This study provides an early look at changes in the Indiana workers’ compensation system following significant legislation in 2013 and 2014 that focused on several key policy concerns. House Enrolled Act (HEA) 1320 addressed hospital costs, which were a key driver of higher-than-typical medical payments in Indiana, by enacting a hospital fee schedule effective July 1, 2014. The legislation also addressed the lower maximum statutory benefit by increasing those benefits in three yearly increments beginning in 2014. The data in this report reflect up to 15 months of experience under the income benefit provisions of HEA 1320 and up to 21 months of experience under the hospital fee schedule.
The study can help policymakers and other stakeholders interested in the system identify current cost drivers and emerging trends.
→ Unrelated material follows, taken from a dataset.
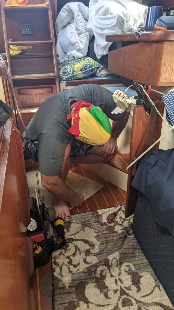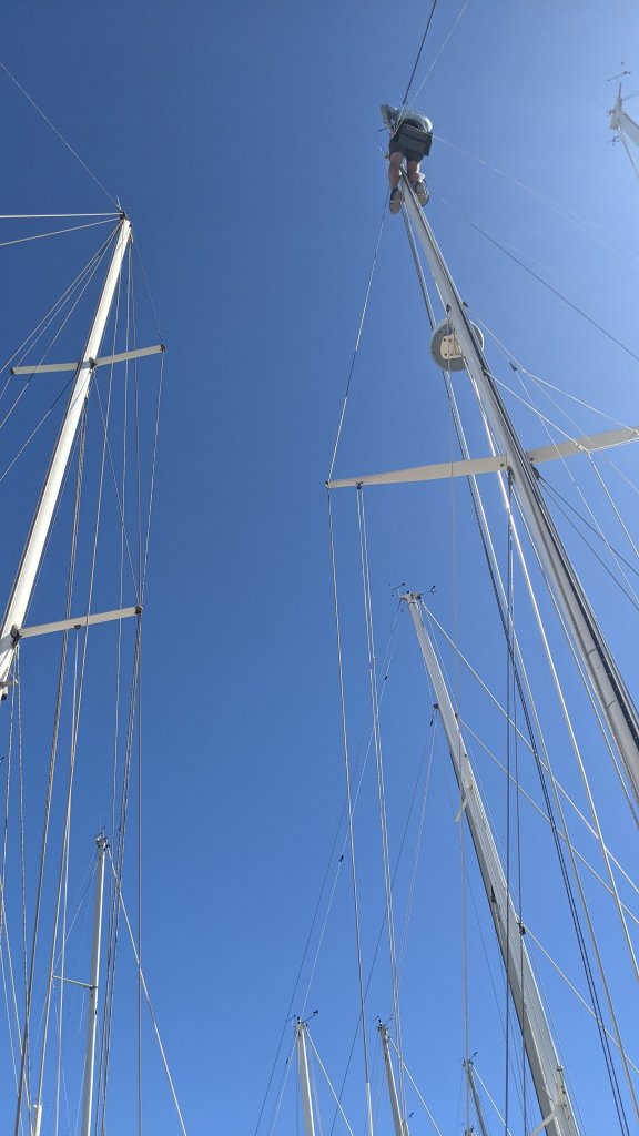 I’ve lamented the cost and complexity of marine insurance in the past. Well, we’ve had the same Jackline policy through Markel Insurance for four years now, and this year they required a professional survey on Sanitas before renewal. This is similar to hiring a home inspector before you buy a house – an independent third party inspects the entire boat for any potential safety or maintenance issues and documents all of the findings. On our dime, of course. Sanitas came through the survey with flying colors, and we only had to make minor corrections, such as replacing outdated flares to address the findings. We thought we were in good shape there until, one day after we splashed and we’re back on the water, our insurance agent sent us an email stating they now require an aloft rigging inspection as well. What the deuce? We just went through the whole survey rigmarole using the old guidance, which did not require a rigging inspection. The good news, we were able to find a company that would inspect in the water, so we didn’t have to pay for another haul out. The bad news, they found a small flaw in the wire cable of our backstay, and we had to replace it. By now our dreams of a quick departure from Grenada without spending a fortune were shattered.

It compares Indiana’s performance with 17 other states (Arkansas, California, Florida, Georgia, Illinois, Iowa, Kentucky, Louisiana, Massachusetts, Michigan, Minnesota, New Jersey, North Carolina, Pennsylvania, Texas, Virginia, and Wisconsin), focusing on income benefits, overall medical payments, costs, use of benefits, duration of disability, litigiousness, benefit delivery expenses, timeliness of payment, permanent partial disability, temporary total disability, and other metrics.
The study also examined how these system performance metrics have changed, mainly from 2010 to 2015, for claims at various claim maturities. Claims with experience through 2016 for injuries up to and including 2015 were analyzed. In some cases, a longer time frame is used to supply a historical context for key metrics.
CompScope™ Benchmarks for Indiana, 17th Edition. Carol A. Telles. April 2017. WC-17-05.